UX Design is Product Design: The Big Picture Approach
UX design is product design. The sooner you treat it as such, the better. Your whole way of thinking about design opens up. Don’t think about the screen, don’t think about the surface, think about how a user uses your (website) product. For that reason, the design process starts at the beginning of the project and continues through launch.
The designation of UX as product design represents the next expansion in the scope of design away from only user experience, towards a broad mandate of design for an entire product. Using the term also conveys a commitment or aspiration to design-led product development.
Product design is a holistic undertaking that leads to innovation outside the realm of a specific product. Think of remote controls, they haven’t had any substantial changes in decades despite being awkward, slow, and not intuitive. People who design remotes approach their work with tunnel vision. They might add a couple features here and there and any new tech added is merely to keep up with the television industry, rather than innovate the product. A designer who designs all kinds of products however, will enter a remote design project with a fresh perspective which could lead to innovation and possibly disrupt the remote control market. Their thinking isn’t bound within the confines of radio frequency, of the long-accepted remote shape, but rather, they go back to the beginning to think about how humans would interact with such a device and they think about what humans might want from such a device. They are free to challenge the status quo of the remote because the are not remote designers, they are product designers and they design for people.
The Expanding Role of Design
The role of designer has expanded to include many components that make up an experience. This expansion heavily reflects my own professional growth as well, which is perhaps why I am so drawn to UX design and now, product design. When I first entered college, I started in computer science, learning programming, then shifting to web development. I rounded out my college experience with New Media and minoring in both Studio Art and Computer Science. The next 10 years was a continuing evolution of design work, from Production Artist and Illustrator, at one magazine and then Art Director at another, embracing the comfort of print design. I then got back into the world of web design, adding app design and finally UX onto my duties. Being one who prides herself on staying ahead, as designers tend to do, I would digest any new technologies, developments and innovations. To further my design addiction, many of my side projects are from completely different areas of design including industrial design, media installations, packaging design, menu design, signage, interior design, as well as fashion design. When someone asks me what I do, I jokingly say “I design things.”

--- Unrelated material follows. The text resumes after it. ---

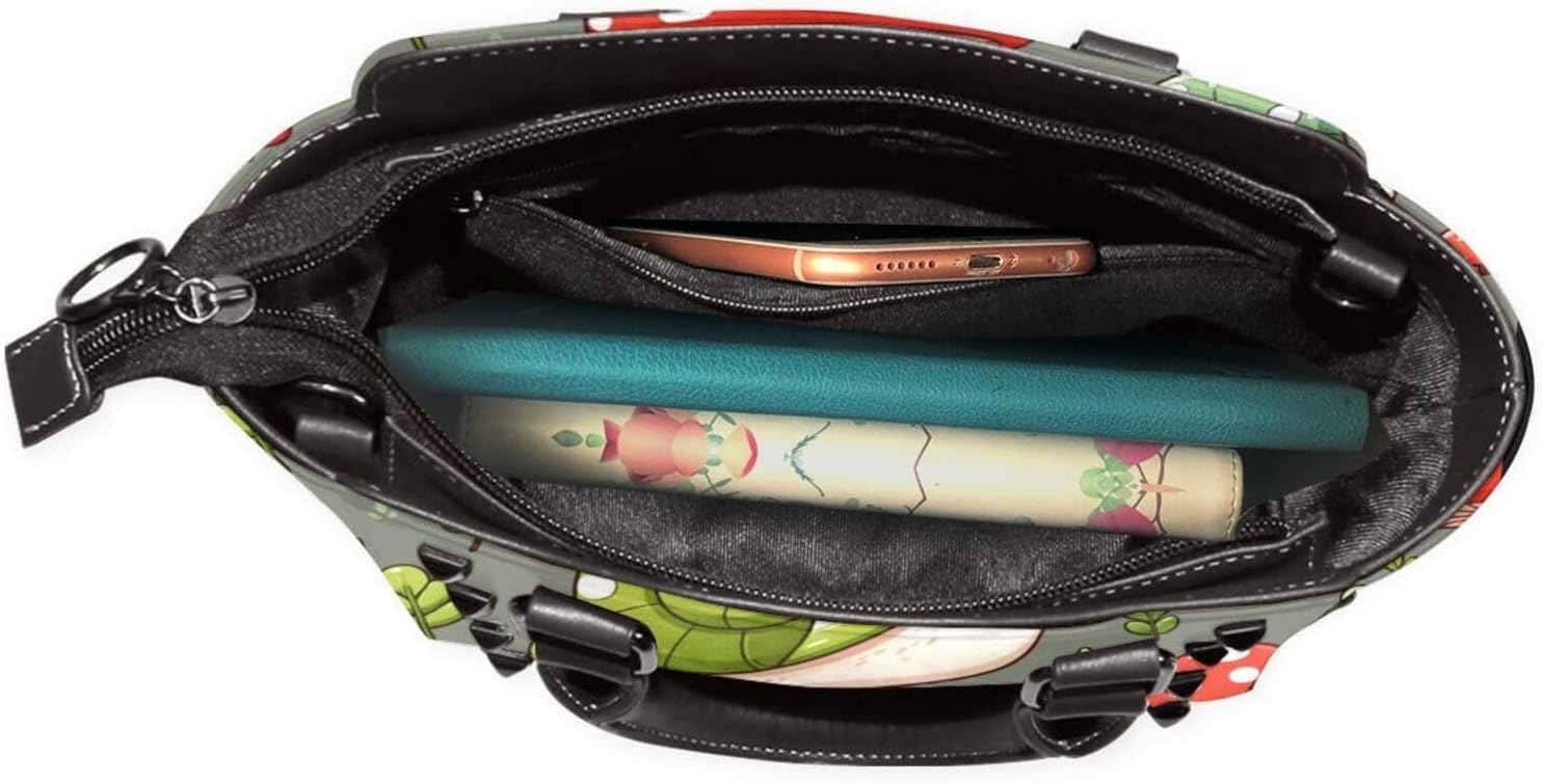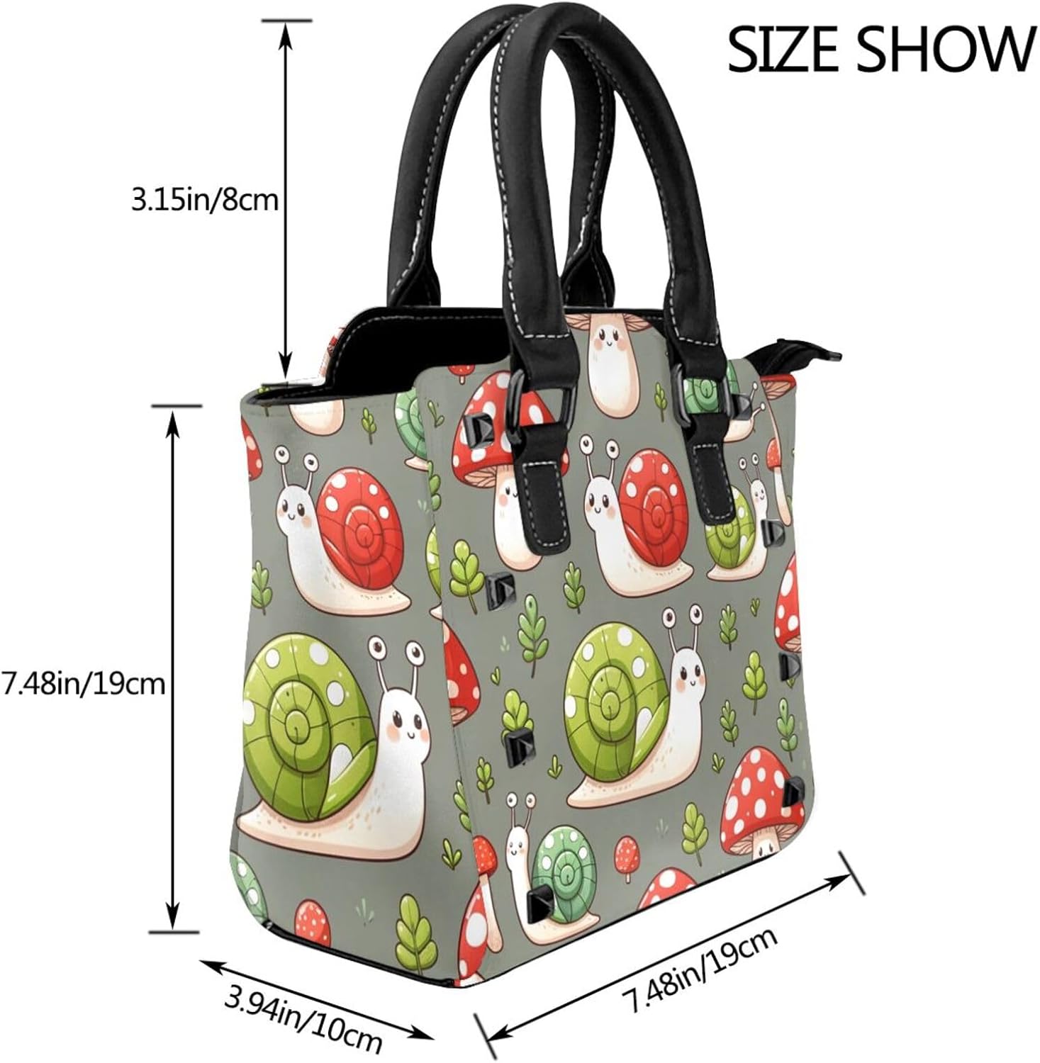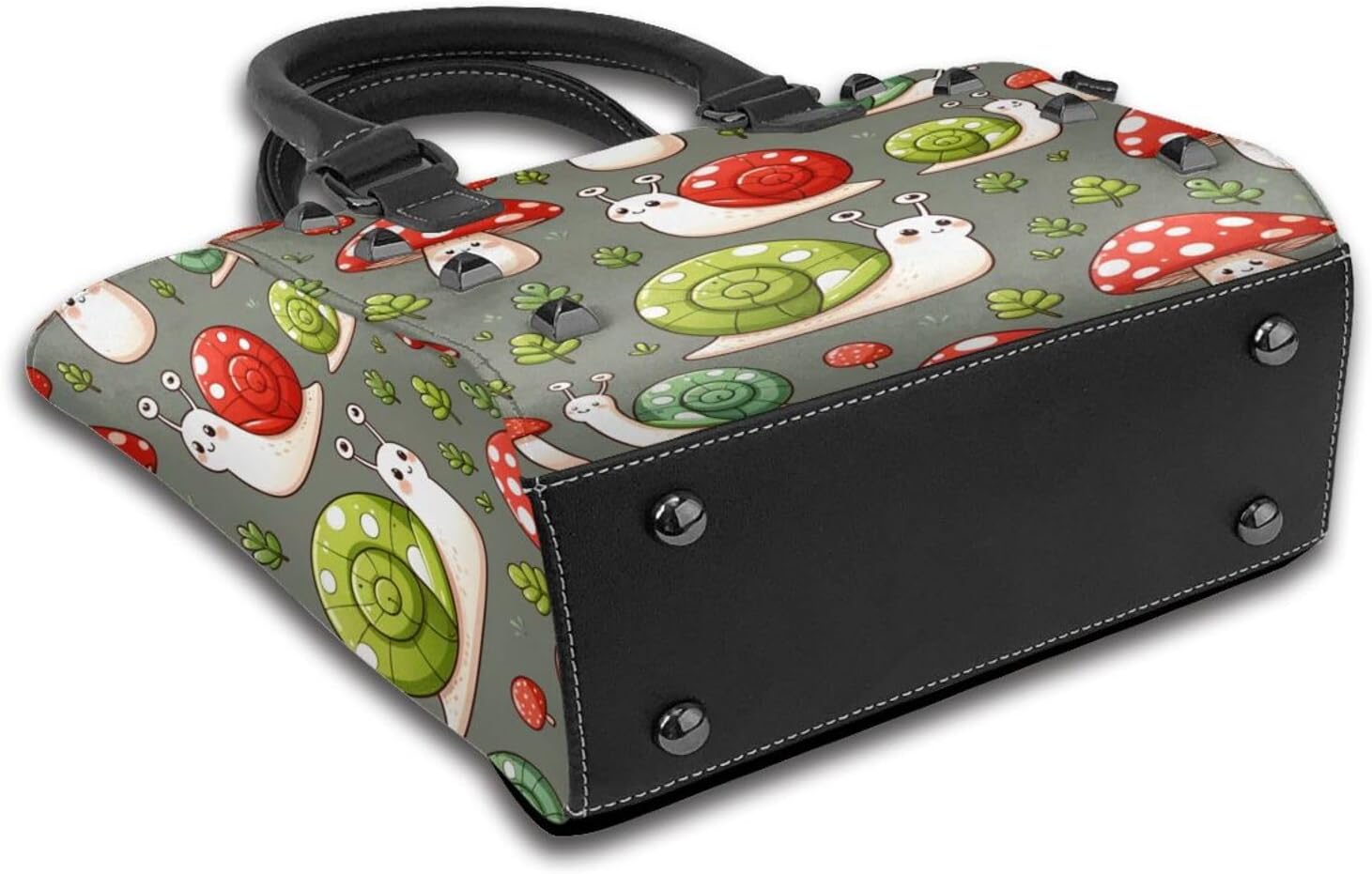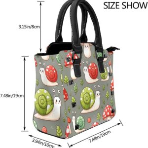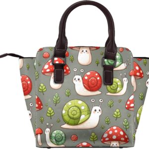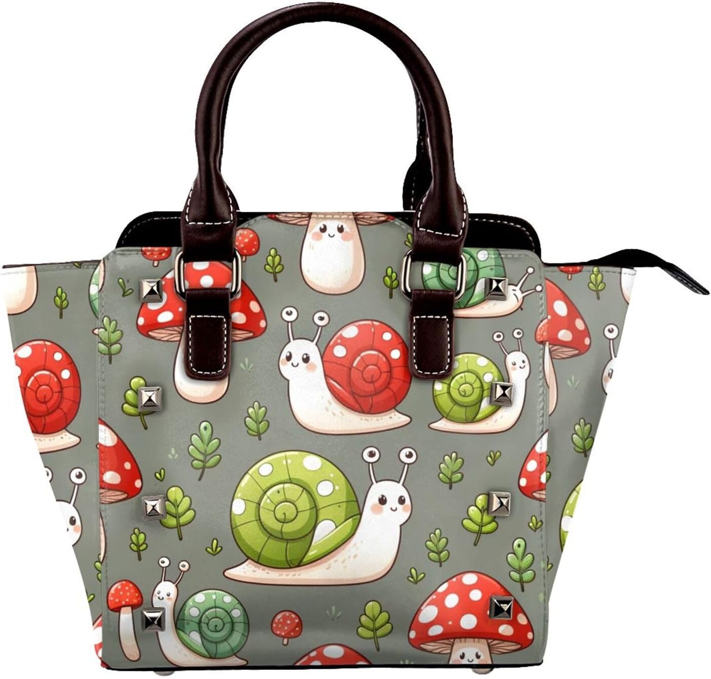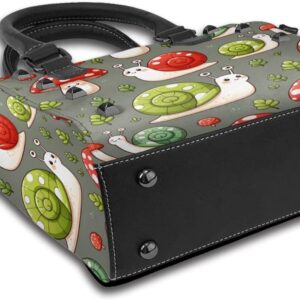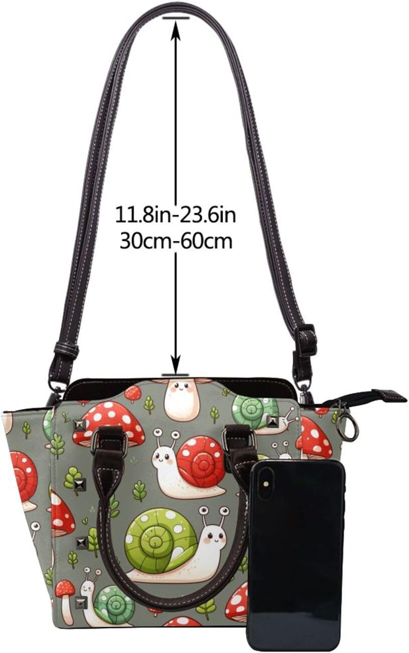 Kawaii-Snails-Mushrooms Pu Leather Crossbody Studded Bag, Fashionable Shoulder Handbag With Detachable Shoulder Strap

My point is, the expanding role of design is a natural evolution. Those who do the work that I do, they tend take that big-picture approach to design and it infiltrates every aspect of their lives. It only makes sense for companies to nurture the talent and interest of those who are already on their team who know the brand and products.
Why the shift into product design?
Thinking about UX design as product design means going beyond just thinking about the problems that users face and designing to solve those problems. Product design includes thinking about the emotional experience surrounding its marketing, the medium, as well as ways to innovate.
Recently there has been a growing respect for design thinking (a solutions-based approach) as a paradigm for end-to-end product development, a strategy that has not always been encouraged nor trusted by those in senior management positions. Now, the more forward-thinking companies have let their designers loose on entire projects instead of relegated to the design-phase of a project, and have shown success. Companies that have kept a rigid hierarchical and departmentalized structure have languished, especially companies in the fast-evolving industries like tech and digital applications. Why is that?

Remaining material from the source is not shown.